*** Provided data ***

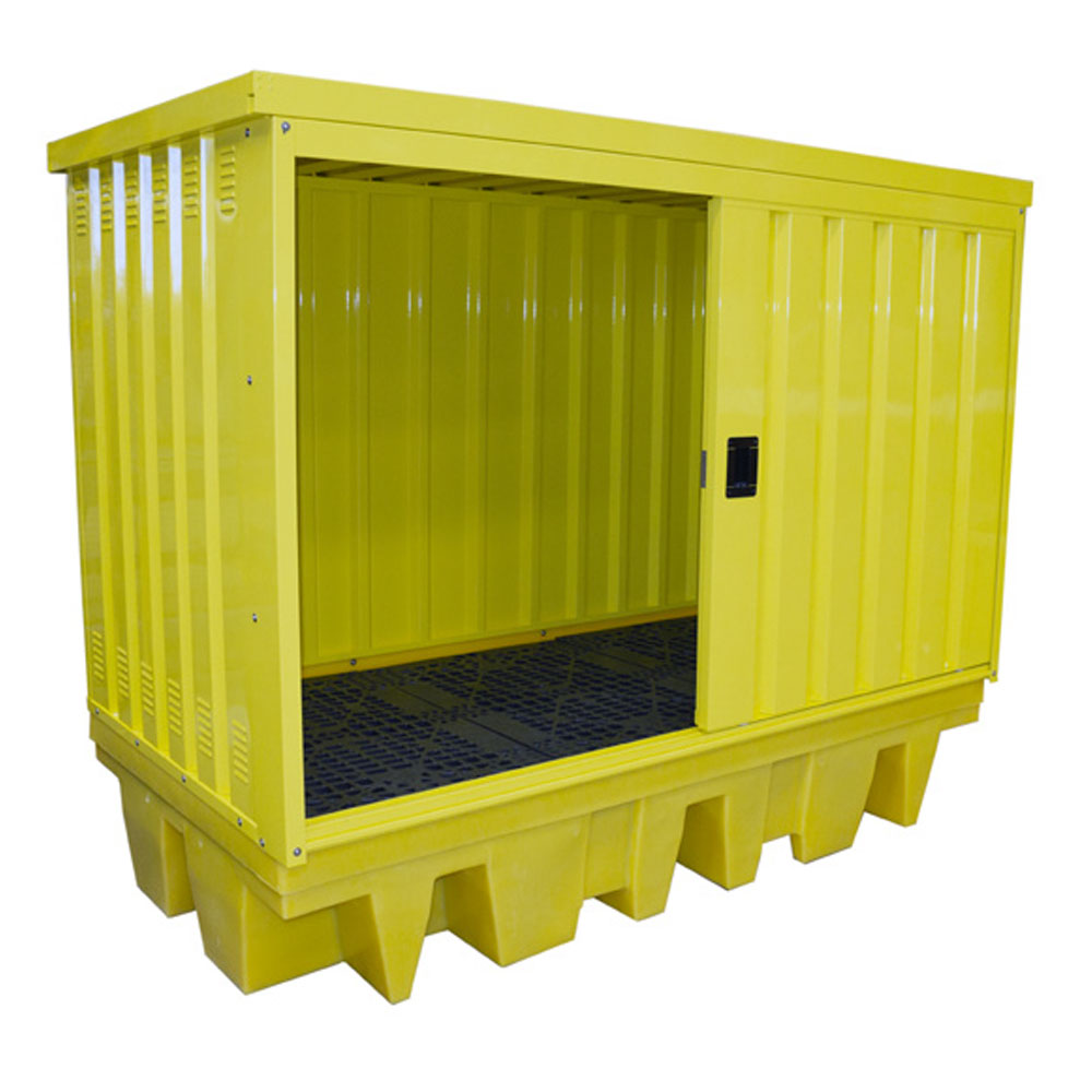 Manufactured from medium-density polyethylene this spill pallet, designed to hold 8 x 205ltr drums or 2 x 1000ltr IBC has a 0.6mm galvanised steel (powder-coated paint finish) cover with access via 2 steel sliding doors (fitted with a central lock). The galvanised steel cover is attached to the spill pallet by means of M8 dome head Allen bolts & nyloc nuts.
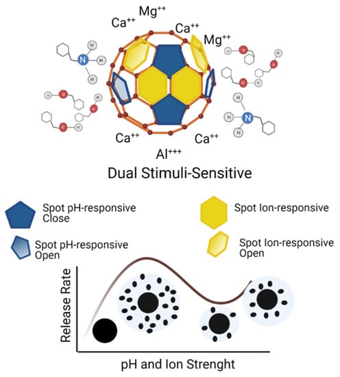 A dual responsive system for pH and ion strength (Figure 2) is an engineering effort focusing on innovative material to reduce the amount of pesticide used in the crop, innovative modified-release in a complex environment, decreased pesticide leaching and decomposition, and the minimal adverse impact ecosystem []. An innovative release system for environmental stimuli can prevent the premature complexation of agrochemicals, inhibit the sulfidation reaction, and exhibit extended pest control capabilities [,].
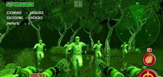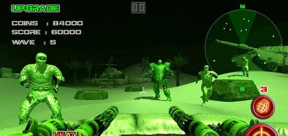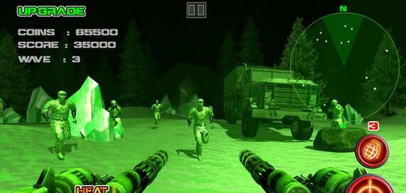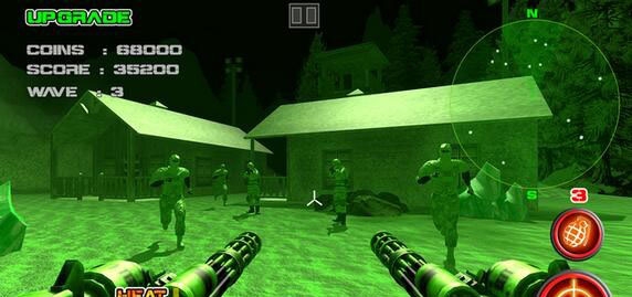 游戏别出心裁的以夜晚为背景,当然也有可能是可以吧画面做的简单点,所以画质的期待值并不高,而玩法是类似抢滩登陆的固定视角,你负责消灭一拨又一拨冲上来的敌人,射击的感觉还是挺爽的。
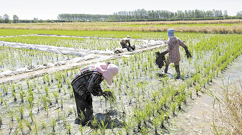 村民在农药化肥减量核心区补秧。

***

What you should do:
Please write the data out again exactly, but do not carry over the pictures.

Task solution:
 Manufactured from medium-density polyethylene this spill pallet, designed to hold 8 x 205ltr drums or 2 x 1000ltr IBC has a 0.6mm galvanised steel (powder-coated paint finish) cover with access via 2 steel sliding doors (fitted with a central lock). The galvanised steel cover is attached to the spill pallet by means of M8 dome head Allen bolts & nyloc nuts.
 A dual responsive system for pH and ion strength (Figure 2) is an engineering effort focusing on innovative material to reduce the amount of pesticide used in the crop, innovative modified-release in a complex environment, decreased pesticide leaching and decomposition, and the minimal adverse impact ecosystem []. An innovative release system for environmental stimuli can prevent the premature complexation of agrochemicals, inhibit the sulfidation reaction, and exhibit extended pest control capabilities [,].
 游戏别出心裁的以夜晚为背景,当然也有可能是可以吧画面做的简单点,所以画质的期待值并不高,而玩法是类似抢滩登陆的固定视角,你负责消灭一拨又一拨冲上来的敌人,射击的感觉还是挺爽的。
 村民在农药化肥减量核心区补秧。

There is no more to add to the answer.